* What is needed *
Skip the pictures and give back the rest of the listing exactly.

* Supplied material *
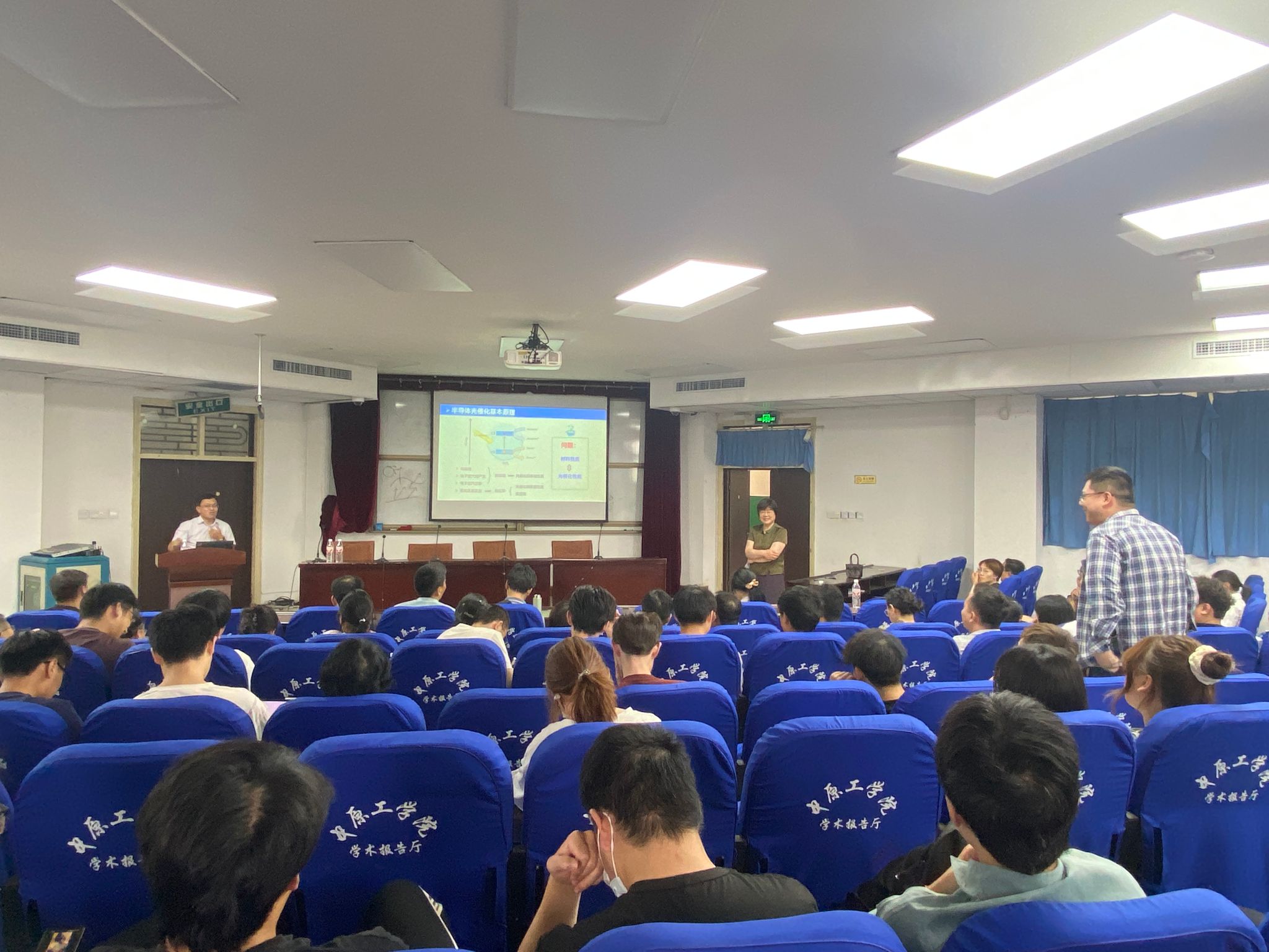 讲座中,李国强从可见光光催化材料的基本概念切入,运用生动有趣的例子,将晦涩的光催化理论变得通俗易懂,帮助在场师生轻松理解其中奥秘。李国强着重阐述了光催化领域的最新突破,通过详实的数据和案例,充分展示了光催化在解决能源问题上的显著优势,发展了非晶氧化物异质结构增强水氧化光催化性能的方法。为大家打开了一扇探索科学前沿的新窗口。此外,李国强还分享了自身科研过程中的经验感悟,他鼓励同学们在学术道路上勇于探索,始终保持对科学的好奇心与求知欲。
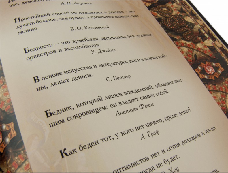 У цій розкішній збірці зібрано воєдино дорогоцінну частину інтелектуальної спадщини людства - афоризми, мудрі думки, зразки витонченої літератури, сакральні заповіді, перлини філософських трактатів, близькі до серця віршовані форми.
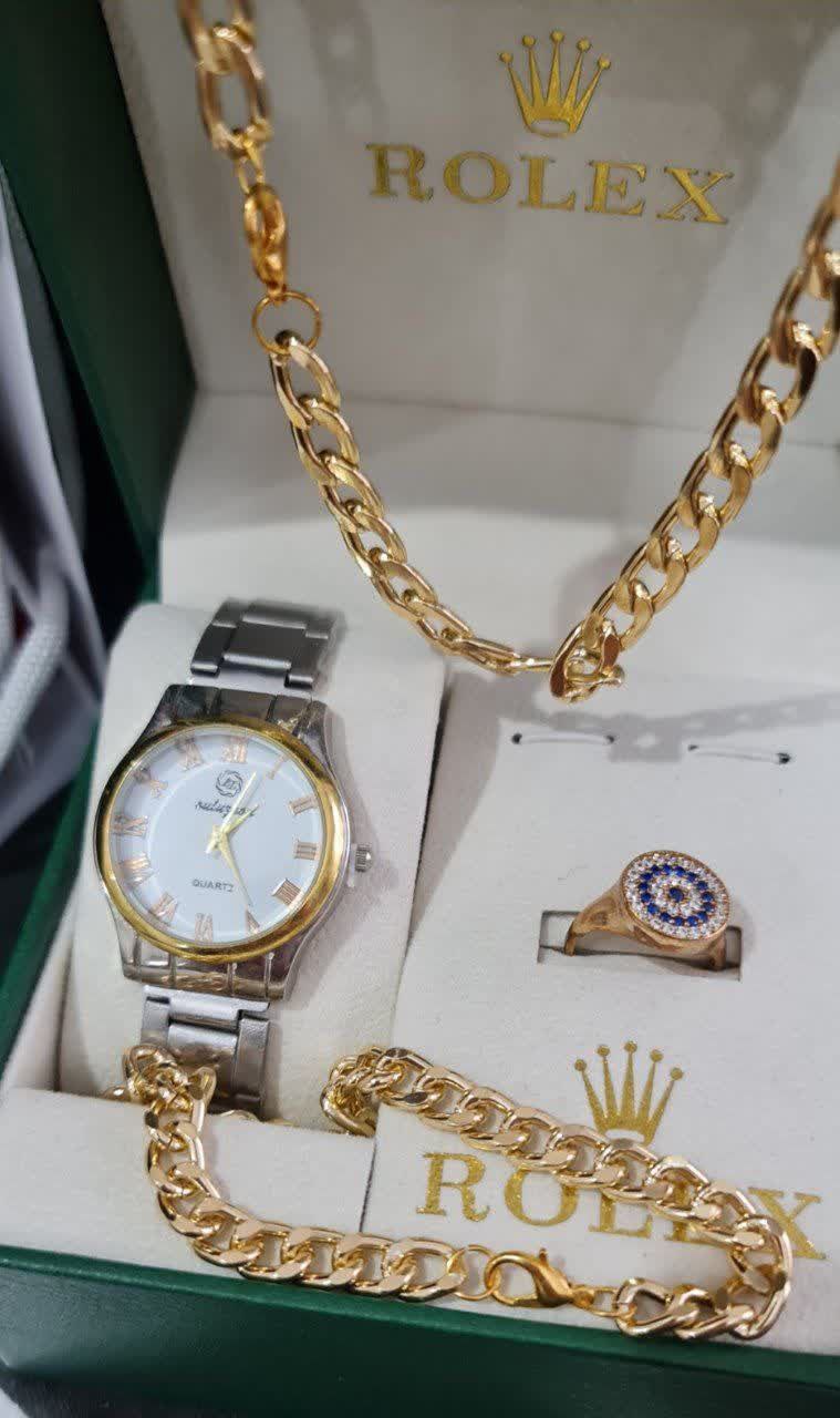 دارای: ساعت ودستبند وانگشتر وگردنبند

* Your solution *
 讲座中,李国强从可见光光催化材料的基本概念切入,运用生动有趣的例子,将晦涩的光催化理论变得通俗易懂,帮助在场师生轻松理解其中奥秘。李国强着重阐述了光催化领域的最新突破,通过详实的数据和案例,充分展示了光催化在解决能源问题上的显著优势,发展了非晶氧化物异质结构增强水氧化光催化性能的方法。为大家打开了一扇探索科学前沿的新窗口。此外,李国强还分享了自身科研过程中的经验感悟,他鼓励同学们在学术道路上勇于探索,始终保持对科学的好奇心与求知欲。
 У цій розкішній збірці зібрано воєдино дорогоцінну частину інтелектуальної спадщини людства - афоризми, мудрі думки, зразки витонченої літератури, сакральні заповіді, перлини філософських трактатів, близькі до серця віршовані форми.
 دارای: ساعت ودستبند وانگشتر وگردنبند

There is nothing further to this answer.